WORK ORDER: Nothing but an exact copy is asked for: the lines in the material below from the one with "3/ Lộ trình" through the one with "Шпиндель 2.2КВт жидкостного", pictures excluded.

TASK INPUT:

------------------------------------

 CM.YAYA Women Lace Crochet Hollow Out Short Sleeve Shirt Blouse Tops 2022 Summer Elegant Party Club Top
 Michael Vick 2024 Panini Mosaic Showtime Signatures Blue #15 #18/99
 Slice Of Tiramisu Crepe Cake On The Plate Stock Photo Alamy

------------------------------------

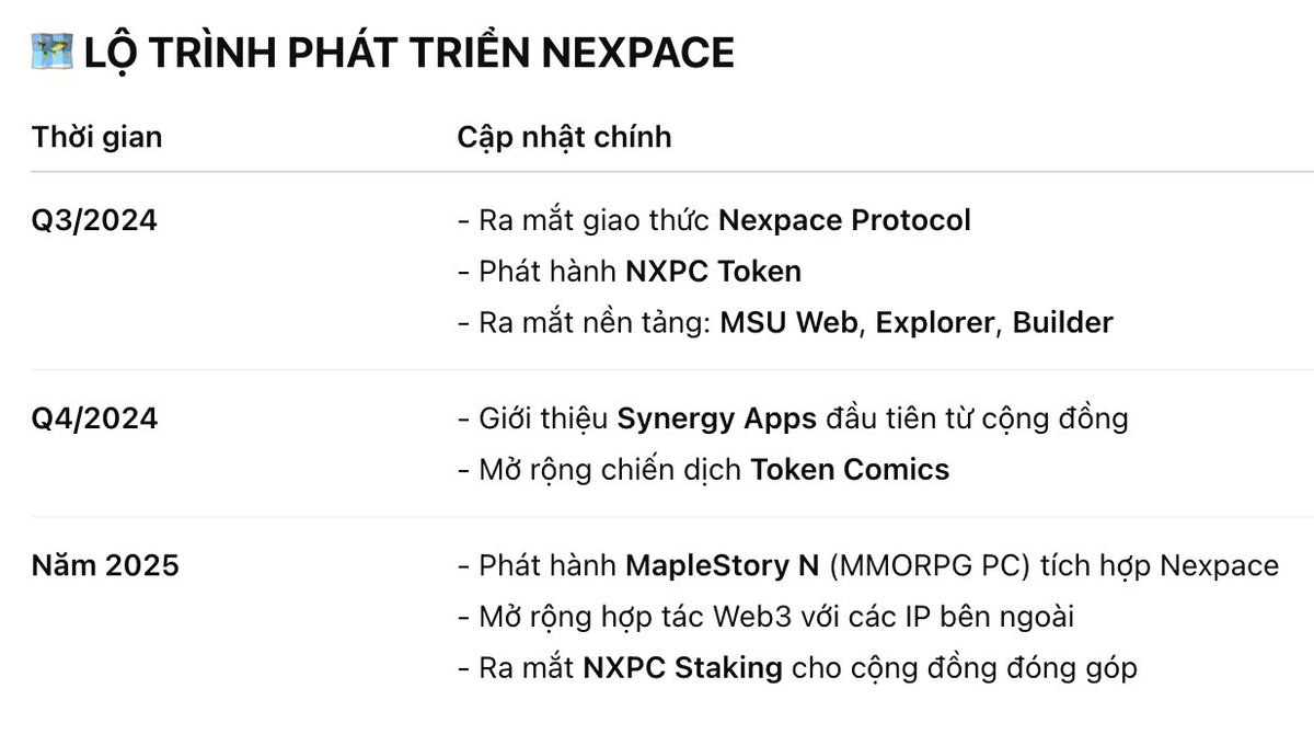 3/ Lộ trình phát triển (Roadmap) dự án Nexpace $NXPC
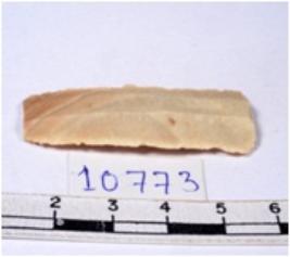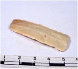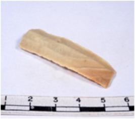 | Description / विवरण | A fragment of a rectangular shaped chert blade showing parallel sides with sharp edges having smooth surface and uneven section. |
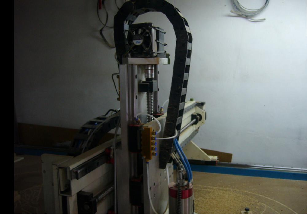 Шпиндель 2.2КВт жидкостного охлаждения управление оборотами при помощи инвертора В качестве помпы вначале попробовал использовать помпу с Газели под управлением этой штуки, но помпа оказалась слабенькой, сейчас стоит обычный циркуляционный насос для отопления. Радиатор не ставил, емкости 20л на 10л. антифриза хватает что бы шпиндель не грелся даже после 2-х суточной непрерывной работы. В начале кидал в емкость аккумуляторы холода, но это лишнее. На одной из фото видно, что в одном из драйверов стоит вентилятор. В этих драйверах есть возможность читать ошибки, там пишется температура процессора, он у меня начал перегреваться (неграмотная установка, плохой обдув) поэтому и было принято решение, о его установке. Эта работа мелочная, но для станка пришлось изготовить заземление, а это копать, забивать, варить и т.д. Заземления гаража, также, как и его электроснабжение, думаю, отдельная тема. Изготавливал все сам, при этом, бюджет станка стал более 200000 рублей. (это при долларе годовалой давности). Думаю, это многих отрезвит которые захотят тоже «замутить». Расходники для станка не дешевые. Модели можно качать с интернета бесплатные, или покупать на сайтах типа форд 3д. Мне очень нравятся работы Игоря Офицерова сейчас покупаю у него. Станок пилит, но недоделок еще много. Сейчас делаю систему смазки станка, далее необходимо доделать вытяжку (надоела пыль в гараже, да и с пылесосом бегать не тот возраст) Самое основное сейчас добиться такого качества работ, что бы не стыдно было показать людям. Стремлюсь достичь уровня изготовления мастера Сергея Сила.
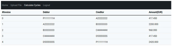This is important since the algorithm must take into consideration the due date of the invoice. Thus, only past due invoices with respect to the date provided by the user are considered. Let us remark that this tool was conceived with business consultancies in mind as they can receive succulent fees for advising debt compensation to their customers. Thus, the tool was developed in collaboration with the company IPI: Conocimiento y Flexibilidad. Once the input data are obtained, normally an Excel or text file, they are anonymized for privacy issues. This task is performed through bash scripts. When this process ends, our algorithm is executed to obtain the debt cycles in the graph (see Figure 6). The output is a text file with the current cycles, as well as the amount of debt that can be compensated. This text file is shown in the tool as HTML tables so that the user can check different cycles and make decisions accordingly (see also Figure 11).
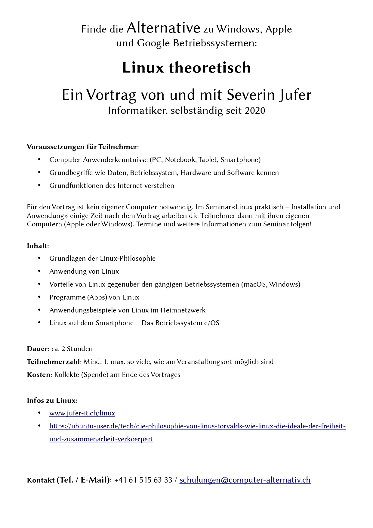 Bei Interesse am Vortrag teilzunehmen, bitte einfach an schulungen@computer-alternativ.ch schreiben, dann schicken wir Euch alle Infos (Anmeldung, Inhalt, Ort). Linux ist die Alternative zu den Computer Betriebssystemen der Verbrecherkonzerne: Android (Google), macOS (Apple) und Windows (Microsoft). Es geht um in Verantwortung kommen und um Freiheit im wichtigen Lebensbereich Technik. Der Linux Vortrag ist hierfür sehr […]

------------------------------------

SOLUTION TO THE PROBLEM:
 3/ Lộ trình phát triển (Roadmap) dự án Nexpace $NXPC
 | Description / विवरण | A fragment of a rectangular shaped chert blade showing parallel sides with sharp edges having smooth surface and uneven section. |
 Шпиндель 2.2КВт жидкостного охлаждения управление оборотами при помощи инвертора В качестве помпы вначале попробовал использовать помпу с Газели под управлением этой штуки, но помпа оказалась слабенькой, сейчас стоит обычный циркуляционный насос для отопления. Радиатор не ставил, емкости 20л на 10л. антифриза хватает что бы шпиндель не грелся даже после 2-х суточной непрерывной работы. В начале кидал в емкость аккумуляторы холода, но это лишнее. На одной из фото видно, что в одном из драйверов стоит вентилятор. В этих драйверах есть возможность читать ошибки, там пишется температура процессора, он у меня начал перегреваться (неграмотная установка, плохой обдув) поэтому и было принято решение, о его установке. Эта работа мелочная, но для станка пришлось изготовить заземление, а это копать, забивать, варить и т.д. Заземления гаража, также, как и его электроснабжение, думаю, отдельная тема. Изготавливал все сам, при этом, бюджет станка стал более 200000 рублей. (это при долларе годовалой давности). Думаю, это многих отрезвит которые захотят тоже «замутить». Расходники для станка не дешевые. Модели можно качать с интернета бесплатные, или покупать на сайтах типа форд 3д. Мне очень нравятся работы Игоря Офицерова сейчас покупаю у него. Станок пилит, но недоделок еще много. Сейчас делаю систему смазки станка, далее необходимо доделать вытяжку (надоела пыль в гараже, да и с пылесосом бегать не тот возраст) Самое основное сейчас добиться такого качества работ, что бы не стыдно было показать людям. Стремлюсь достичь уровня изготовления мастера Сергея Сила.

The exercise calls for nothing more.